Iberia airline pilots are planning to strike every Friday and Monday from the 9th of April, in protest at the creation of Iberia Express low-cost affiliation, which began operating on the 25th of March.
This series of 30 strike actions was set up to avoid damaging Semana Santa air traffic but will certainly disrupt the May-Day bank holiday and the first part of summer.
Sepla, which is the union that represents pilots from Iberia, believes that this low-cost company is a back-door move to transfer 30% of flights to this sub-company, thus contravening present labour accords between Iberia and Sepla. The union believes that around 6,000 jobs could be lost because of it.
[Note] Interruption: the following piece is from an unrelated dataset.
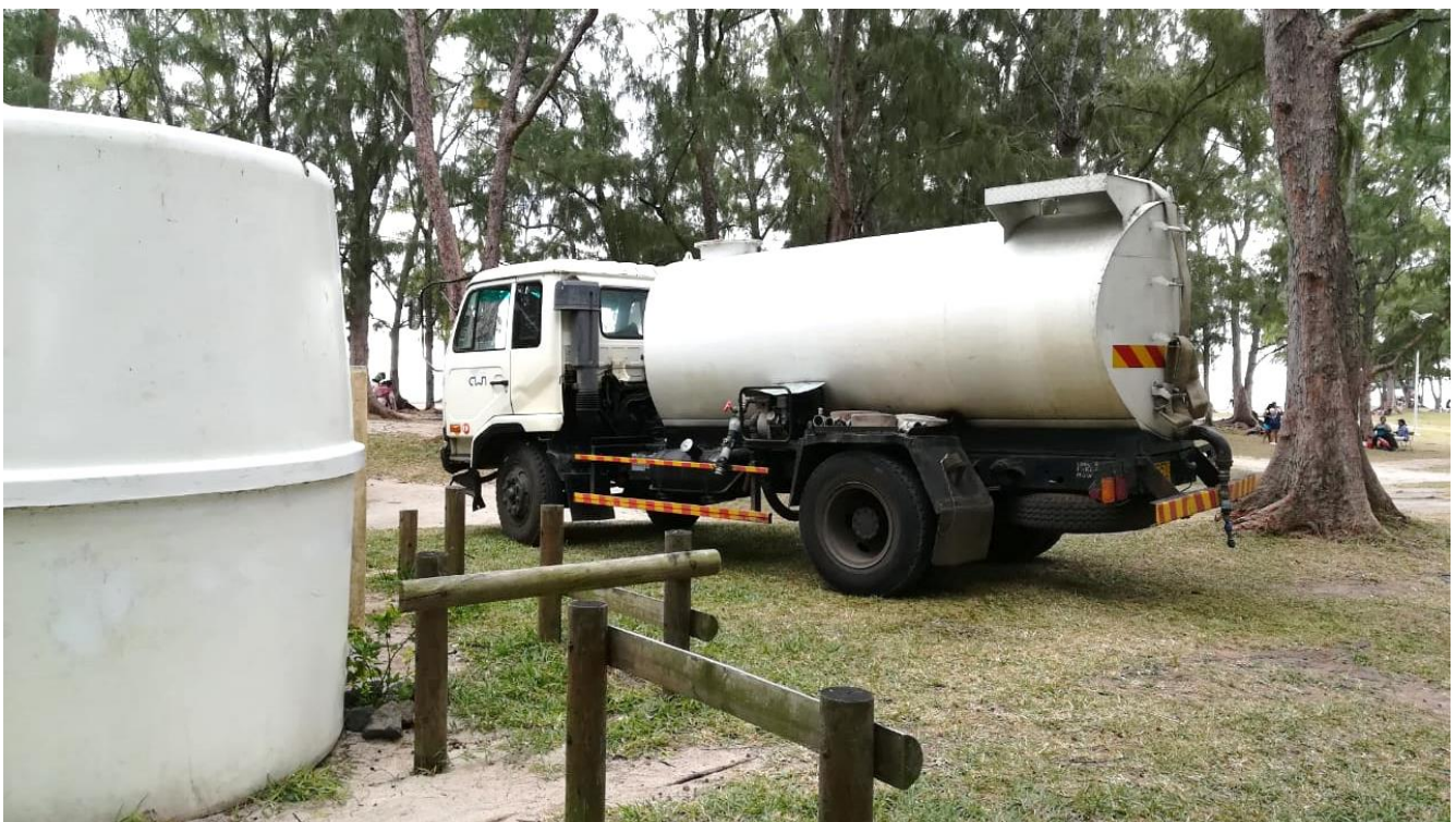
Provision of water tankers by Central Water Authority at P.G Le Morne public beach
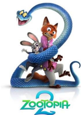
Zootopia2 Dec 5 2025

This will not be the first strike action over this dispute, as Sepla have called a dozen one-day hits since December, causing a 36m-euro loss to the company. Sepla heavily criticizes the airline for compromising – Sepla put an offer on the table that would have meant that the pilots for the new subsidiary, low-cost company, would take its pilots from the Iberia pool, but this was rejected by the company. In fact, all the 500 workers that have been hired by Iberia Express came from external sources, precisely because it would leave the company unshackled from the parent company’s labour convent.
Iberia, on the other hand, condemns the strike action as ‘irresponsible and intransigent. ‘Iberia bosses consider that the creation of a low-cost subsidiary airline is a decision that only concerns the company. Furthermore, the company considers that this move was crucial to its being able to compete on short and medium-range routes.’